Les nuisances sonores

 

A la notion de nuisance sonore, nous associons souvent la notion de bruit.

Qu’est-ce qu’un bruit?

Comme nous l’avons vu précédemment, un bruit correspond à une perturbation chaotique, c’est-à-dire non périodique de la matière par un signal sonore. C’est donc un son complexe composé de sons multiples de fréquence et d’intensité différentes qui sont issus de nombreuses sources. Par extension, un bruit est un son qui provoque une gêne par la sensation auditive désagréable qu’il produit. Cela en fait une notion subjective, car pour différentes personnes, un même son peut être jugé gênant ou non selon les habitudes ou la sensibilité de l’ouïe de la personne.

 

Si aujourd’hui les nuisances sonores sont tellement d’actualité, c’est que nous savons qu’elles peuvent être nocives et ainsi avoir des répercutions sur notre audition comme sur notre organisme . Paradoxalement, le bruit prend une place de plus en plus importante dans nos vies et nous sommes fortement exposés aux troubles qu’il entraine. Il est important de comprendre qu’il existe différentes nuisances associés à différents environnements, ainsi nous sommes exposés à des bruits de différentes natures, tels les sons forts, continus ou brusques.

 

Lorsque l’on parle du danger des sons forts auxquels nous sommes le plus exposé, on pense automatiquement aux échelles de bruits exprimés en décibel que l’on retrouve sur de nombreux panneaux d’avertissement pour nous renseigner sur le niveau sonore des sons qui rythment notre quotidien.

 

  

 
 
 

Echelle de bruit (globale)

On découvre de cette manière, que le seuil de risque pour notre audition se situe à 90 dB, le seuil de danger à 100 dB, et enfin le seuil de douleur à 120 dB.

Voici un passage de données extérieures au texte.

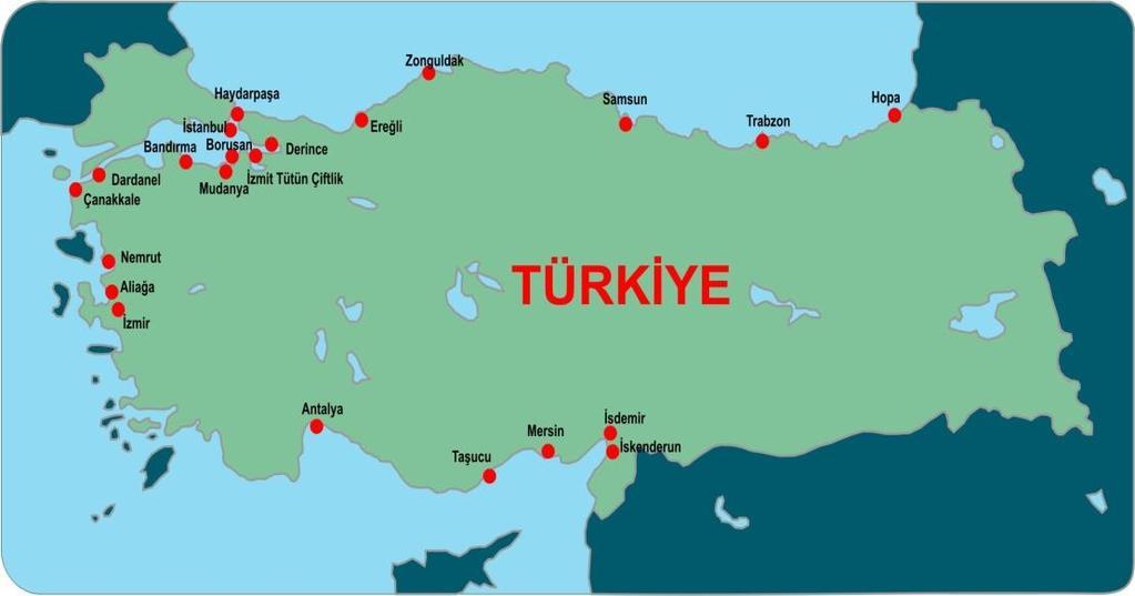 イスタンブールのベイリクデュズュに位置するMarportは、1996年にLimar Kumport Terminal(現在のMarport East Terminal)として営業を開始しました。その後、2001年にはMarport Main Terminal、2003年にはMarport West Terminalが建設されました。マーポートの年間処理能力は190万TEUに達しています。クンポート・コンテナターミナルは、イスタンブールのヨーロッパ側、イスタンブール海峡の西22マイルのところに戦略的に位置しています。クムポート・ターミナルはヒンターランドとの接続に優れています。クムポートは1994年にターミナル業務を開始しました。現在では、トルコの港の地図にあるように、5大陸の140以上の場所と直接つながっています。トルコで初めて18,000TEUの船舶が入港し、700メートルのドック構造を持つSOCAR Aliağa Terminalは、エーゲ海地域で最大の総合ターミナルであり、当初150万TEUのコンテナを取り扱うことができます。

Il est ainsi facile de comprendre que si une sensation de fatigue apparait dés 60 dB et qu’une conversation s’effectue à partir de 50 dB, nous sommes souvent exposés à des niveaux bien supérieur à ce qui est normalement supportable.

 

  • Dans le cadre de notre TPE, et grâce au prêt de matériel, nous avons pu effectuer des mesures d’intensité sonore dans notre établissement avec un sonomètre, et ainsi constater les niveaux sonores auxquels un élève ou un professeur est exposé.

 

Cependant, les nuisances sonores ne se limitent pas aux lieux de travail ou d’activité clos, en effet les principales sources de pollution sonore dans les zones urbaines sont:

 

  • Le trafic routier:                                      80dB lors d’un circulation intense
  • Les zones industrielles:                         jusqu’à 100 dB à 100m de distance
  • Le trafic ferroviaire:                               100 dB à proximité
  • Le trafic aérien:                                        140 dB à 100m de distance

 

 

Pour illustrer cela, un sondage réalisé en 2002 par l’INSEE montre que 54% des personnes qui vivent dans des grandes villes françaises admettent que le bruit est la nuisance la plus importante à laquelle ils sont exposés, devant l’insécurité et la pollution atmosphérique chronique.

 

Ainsi, la vie urbaine dans des zones très densément peuplées est bien plus exposante à la pollution sonore que dans des zones moins peuplées ou dans des zones rurales.

Sondage sur l’exposition aux nuisances sonores

(Volumes, Guide de l’acoustique des lieux de musique amplifiée, IRMA 1995)

 

Les nuisances sonores chez les jeunes

Les nuisances sonores chez les jeunesDe nos jours, les habitudes des jeunes conduisent de plus en plus vers des problèmes de surdité précoce.Si la discothèque ou le concert provoquent le plus souvent des pertes auditives temporaires, l’utilisation déraisonnée du baladeur audio entraine des pertes significatives et irréversible d’ouïe.

 

  • En cause: la durée d’exposition au son comprimé et souvent trop fort des écouteurs 
  De manière générale, les traitements actuels du son tendent à le comprimer au maximum pour que nous percevions au mieux les niveaux faibles comme les niveaux forts, ce qui diminue fortement le travail fourni par nos oreilles.

Ainsi, notre audition s’habitue à un son sans nuance et a plus de mal à revenir sur des sons faibles et des ambiances sonores nuancés.De nombreuses études ont montré que la pré-surdité chez les jeunes était de plus en plus comparable à celle des personnes âgés, et qu’un jeune sur cinq en France serait aujourd’hui menacé de surdité précoce alors que le bruit devient omniprésent.